Exercise data:
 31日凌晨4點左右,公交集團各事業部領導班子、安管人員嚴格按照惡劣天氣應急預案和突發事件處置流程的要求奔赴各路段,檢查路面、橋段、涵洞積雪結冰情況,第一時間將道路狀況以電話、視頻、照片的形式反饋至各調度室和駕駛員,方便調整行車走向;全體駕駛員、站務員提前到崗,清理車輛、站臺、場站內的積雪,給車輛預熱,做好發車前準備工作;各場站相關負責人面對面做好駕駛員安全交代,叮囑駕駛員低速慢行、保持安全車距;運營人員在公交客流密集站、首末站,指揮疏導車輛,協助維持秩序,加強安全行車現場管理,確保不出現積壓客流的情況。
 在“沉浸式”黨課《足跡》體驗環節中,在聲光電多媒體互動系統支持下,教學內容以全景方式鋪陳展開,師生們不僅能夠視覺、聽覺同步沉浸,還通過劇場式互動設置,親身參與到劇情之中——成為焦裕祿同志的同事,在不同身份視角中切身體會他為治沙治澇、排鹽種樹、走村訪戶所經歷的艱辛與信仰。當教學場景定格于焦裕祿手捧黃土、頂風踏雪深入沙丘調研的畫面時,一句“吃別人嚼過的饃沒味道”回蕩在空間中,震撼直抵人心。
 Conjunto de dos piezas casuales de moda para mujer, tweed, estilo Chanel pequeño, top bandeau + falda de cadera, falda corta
...
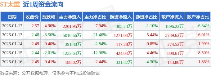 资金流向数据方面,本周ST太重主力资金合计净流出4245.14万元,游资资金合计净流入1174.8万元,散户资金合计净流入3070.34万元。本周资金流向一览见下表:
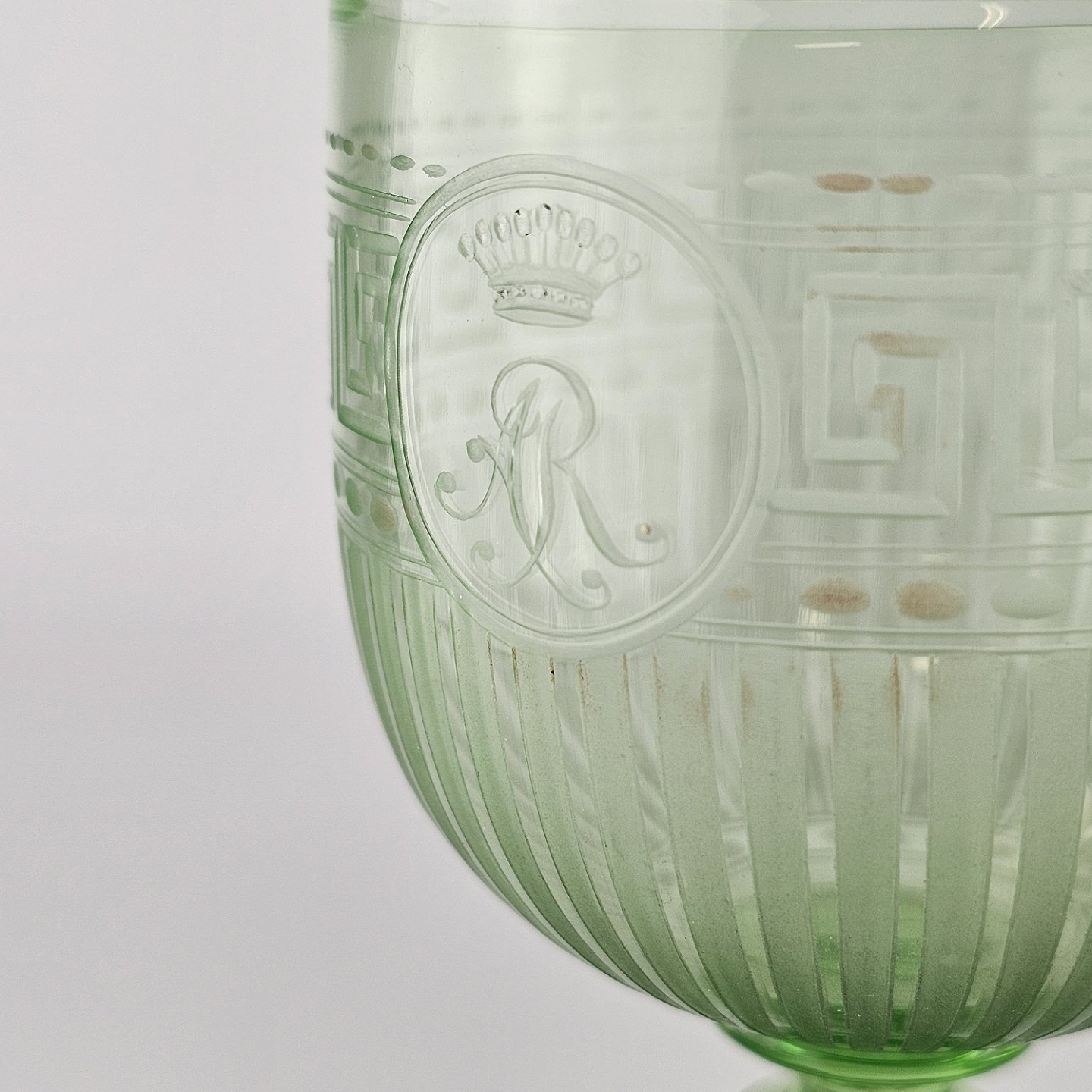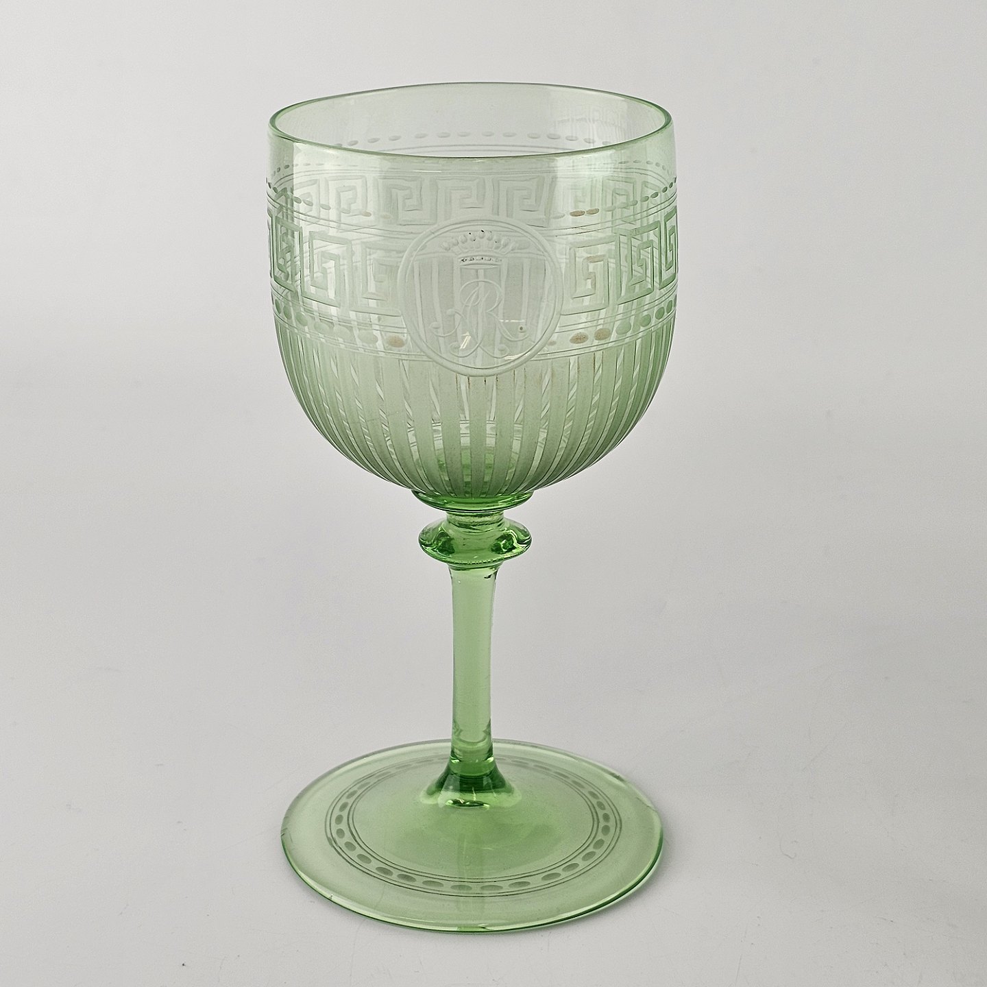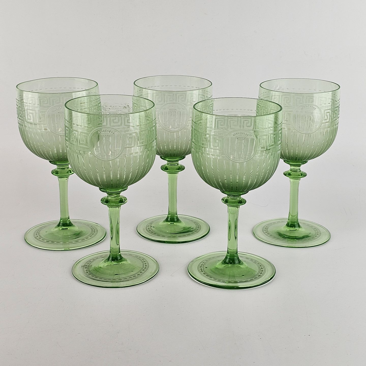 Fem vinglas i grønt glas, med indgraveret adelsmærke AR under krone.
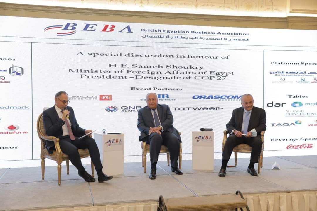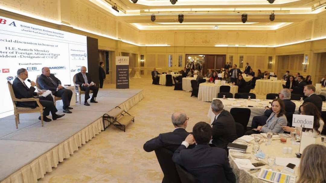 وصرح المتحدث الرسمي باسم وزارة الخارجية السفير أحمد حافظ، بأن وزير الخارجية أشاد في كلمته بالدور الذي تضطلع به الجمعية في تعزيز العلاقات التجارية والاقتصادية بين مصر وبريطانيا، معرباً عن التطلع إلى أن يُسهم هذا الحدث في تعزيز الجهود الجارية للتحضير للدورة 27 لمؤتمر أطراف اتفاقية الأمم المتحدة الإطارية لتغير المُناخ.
...
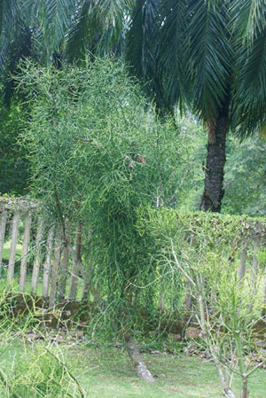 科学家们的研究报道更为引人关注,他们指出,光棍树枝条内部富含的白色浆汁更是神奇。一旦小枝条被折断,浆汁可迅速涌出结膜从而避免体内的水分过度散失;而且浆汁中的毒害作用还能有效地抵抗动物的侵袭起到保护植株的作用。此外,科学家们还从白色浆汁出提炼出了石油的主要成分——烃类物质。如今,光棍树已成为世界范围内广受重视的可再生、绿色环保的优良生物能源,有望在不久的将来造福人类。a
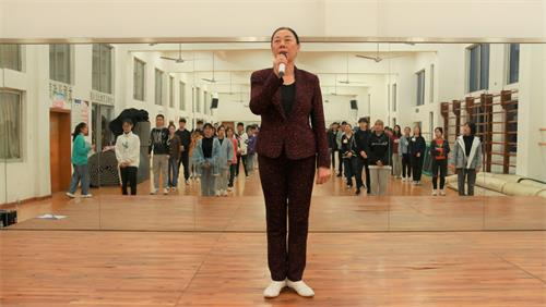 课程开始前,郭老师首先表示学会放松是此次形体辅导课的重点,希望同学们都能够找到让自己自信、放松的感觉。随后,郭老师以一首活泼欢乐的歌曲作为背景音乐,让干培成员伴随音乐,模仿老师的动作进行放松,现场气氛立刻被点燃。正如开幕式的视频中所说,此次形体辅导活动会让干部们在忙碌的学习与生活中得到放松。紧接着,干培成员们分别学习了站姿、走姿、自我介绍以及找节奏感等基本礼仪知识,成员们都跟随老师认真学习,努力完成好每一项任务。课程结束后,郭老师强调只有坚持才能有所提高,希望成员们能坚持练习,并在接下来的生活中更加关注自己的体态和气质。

Problem:
Nothing should appear in the answer except the lines above from the line with "31日凌晨4點左右,公交集團" through the line with "Conjunto de dos", both included, written out exactly.

Reply:
 31日凌晨4點左右,公交集團各事業部領導班子、安管人員嚴格按照惡劣天氣應急預案和突發事件處置流程的要求奔赴各路段,檢查路面、橋段、涵洞積雪結冰情況,第一時間將道路狀況以電話、視頻、照片的形式反饋至各調度室和駕駛員,方便調整行車走向;全體駕駛員、站務員提前到崗,清理車輛、站臺、場站內的積雪,給車輛預熱,做好發車前準備工作;各場站相關負責人面對面做好駕駛員安全交代,叮囑駕駛員低速慢行、保持安全車距;運營人員在公交客流密集站、首末站,指揮疏導車輛,協助維持秩序,加強安全行車現場管理,確保不出現積壓客流的情況。
 在“沉浸式”黨課《足跡》體驗環節中,在聲光電多媒體互動系統支持下,教學內容以全景方式鋪陳展開,師生們不僅能夠視覺、聽覺同步沉浸,還通過劇場式互動設置,親身參與到劇情之中——成為焦裕祿同志的同事,在不同身份視角中切身體會他為治沙治澇、排鹽種樹、走村訪戶所經歷的艱辛與信仰。當教學場景定格于焦裕祿手捧黃土、頂風踏雪深入沙丘調研的畫面時,一句“吃別人嚼過的饃沒味道”回蕩在空間中,震撼直抵人心。
 Conjunto de dos piezas casuales de moda para mujer, tweed, estilo Chanel pequeño, top bandeau + falda de cadera, falda corta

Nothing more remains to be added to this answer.